A recent study shows that a Japanese school’s approach of non-involvement in children’s fights boosts their problem-solving skills.

Called mimamoru, the pedagogical strategy is one where adults, including early childhood educators, intentionally let kids handle disagreements on their own.

It is not unusual for children to have conflicts with their peers and siblings. However, small disagreements and misunderstandings can easily lead to a scuffle at their age. It is always difficult for a parent or a teacher to resolve such disputes without damaging the relationship of both the parties involved. It’s the onus of a guardian to ensure that kids learn and evolve from these conflicts. But the question is, should they intervene and help kids resolve their disputes? This is a tricky one for sure. A recent study published in the Early Childhood Education Journal finds that non-intervention is a more effective strategy for conflict resolution. The survey was done to examine Japan's approach to this dilemma.  

Findings of the study 
The study, conducted in focus groups of a total of 34 Japanese and 12 U.S. early childhood educators, showed that while this hands-off approach is not a part of Japan’s early childhood education and care (ECEC) curriculum, it is implicitly followed by a majority of teachers.  
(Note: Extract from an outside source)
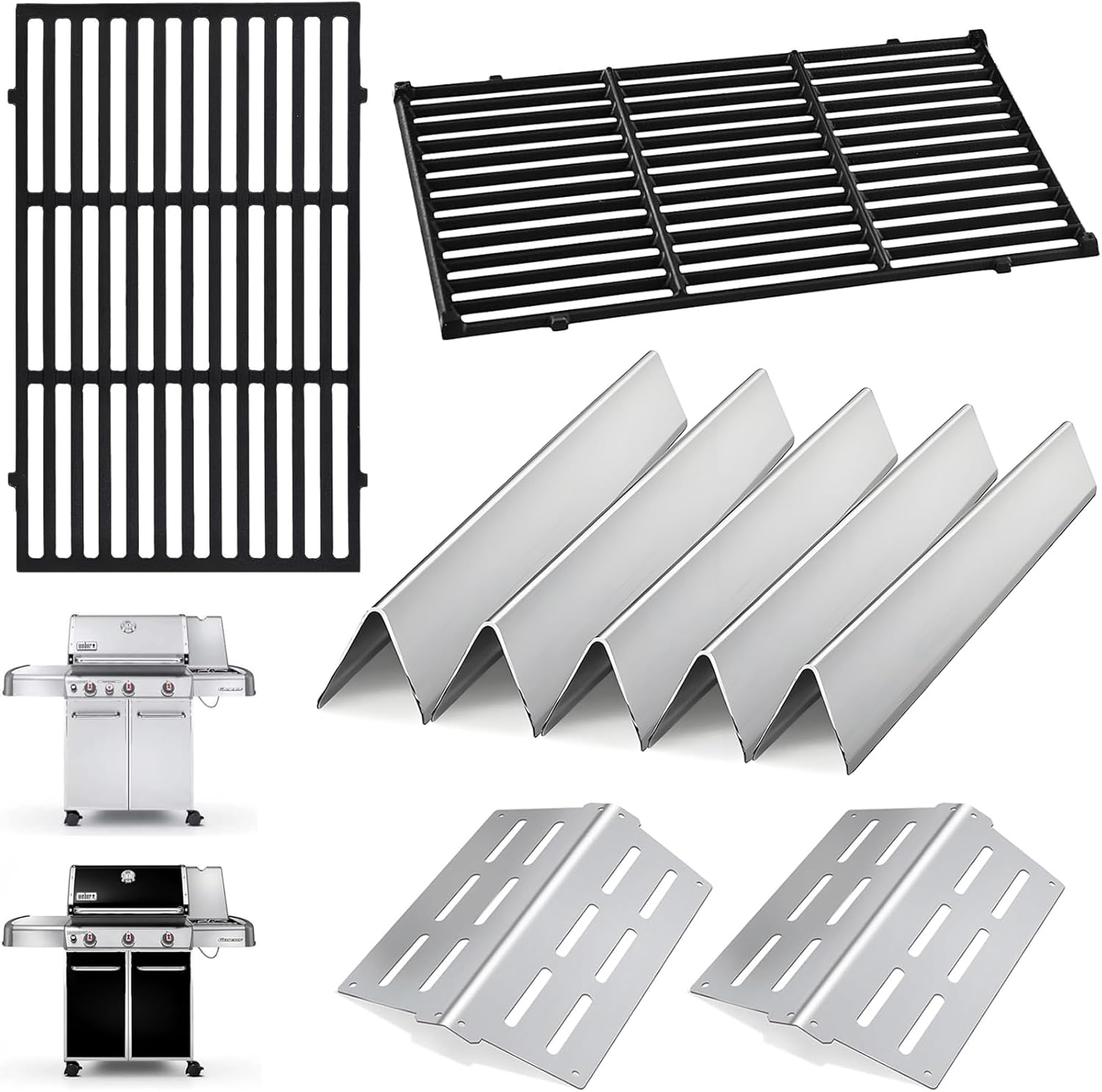 - For Weber genesis 310 grill - Fit for weber genesis grill replacement compatible with weber original part number genesis 300 flavorizer bars 7620, 7621, 62783, 62784, 307621, 93025; for weber 330 genesis parts, for weber heat deflector 62756, 7622, 65505; for weber grill grates 7524, 7528, 7566, 65937, 82184, 83030, 7524 & 81631 grill part.

This strategy is known by the name of mimamoru, which is a combination of mi (meaning ‘to watch’) and mamoru (meaning ‘to protect’). The study used modified video-cued multi-vocal ethnography methods and outlined three major outcomes of the mimamoru approach: 

  • Temporary, minimal intervention in brawls reduce the immediate risk of physical harm 
  • Non-intervention in the fight encourages kids to come up with their own solutions 
  • Leaving kids on their own in case of a fight once ensured that they no longer require adult intervention.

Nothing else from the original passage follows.